Depois de concluir seus estudos básicos, Aristarco Pessoa ingressou no Exército, tornando-se aspirante em 2 de fevereiro de 1907. Promovido a segundo-tenente em dezembro do ano seguinte, participou, em fins de 1912 e início de 1914, de duas expedições militares enviadas para sufocar a rebelião popular de cunho messiânico que, entre 1912 e 1916, conflagrou a região do Contestado, situada na fronteira entre os estados do Paraná e Santa Catarina.

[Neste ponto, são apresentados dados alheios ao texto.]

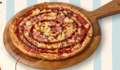
HAWAIIAN BBQ PIZZA $12.90

Traditional oven baked beef lasagne topped with mozzarella & Bolognese, served with chips & salad.
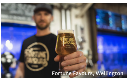
Fortune Favours, Wellington
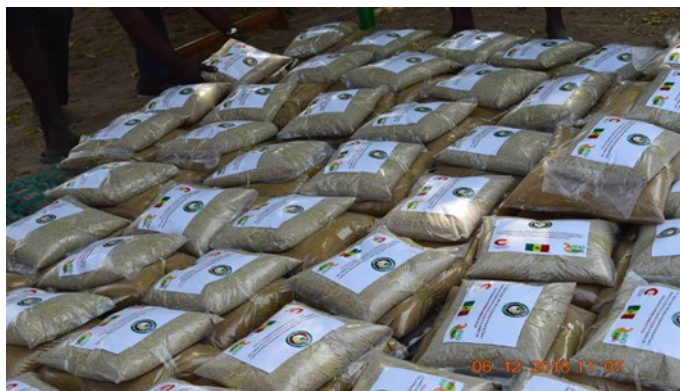
Distribution of food kits
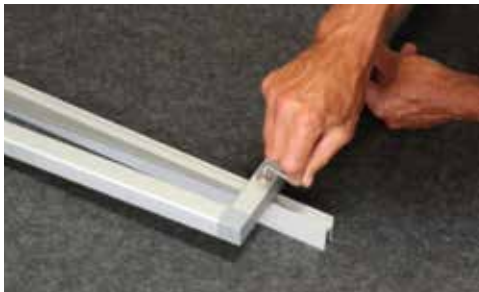
4. Insert Joint Connector Bolt, align to Nut and hand thread. Using a hex driver, tighten while maintaining the Frame and Channel aligned properly.
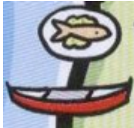
Figure 12 – Ria de Aveiro ( idem ).

The Castro culture developed during the first millennium AC and is related to the appearance of the first populations in Portugal; one of its features was the new set of symbolic representations, mainly masculine figures, intended to glorify heroic ancestors.
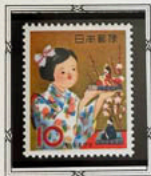
Hinamatsuri, Doll Festival

Hinamatsuri (Doll Festival) is an occasion celebrated by parents on March 3rd with dolls, rice cakes, peach blossoms and unfiltered sake to wish their young girls blissful growth to happy womanhood.
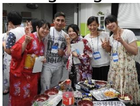
<Inbound students at Yonezawa in Jul. 2016>

A total of 21 students participated in both our long and short-term programs, and this exceeded number initially planned.

Em março de 1917 foi promovido a primeiro-tenente, passando a capitão em junho de 1921. Nessa patente, tomou parte na repressão à revolta do forte de Copacabana, no Rio, ocorrida em 5 de julho de 1922, que marcou o início do ciclo de revoltas tenentistas da década de 1920. Promovido a major em novembro de 1926 e a tenente-coronel em janeiro de 1930, no mês de outubro desse ano Aristarco comandou os contingentes revolucionários de Minas Gerais, substituindo o então capitão Leopoldo Néri da Fonseca, que recebera ordens para se deslocar para o Rio de Janeiro. Em Minas, o conflito durou quatro dias, terminando com a rendição do 12º Regimento de Infantaria, último reduto legalista.
Em 15 de dezembro de 1930, Aristarco foi nomeado comandante do Corpo de Bombeiros do Rio de Janeiro, sendo promovido a coronel em maio de 1931. Permaneceu à frente dessa corporação durante quase 15 anos, até 31 de outubro de 1945. Faleceu em 1949.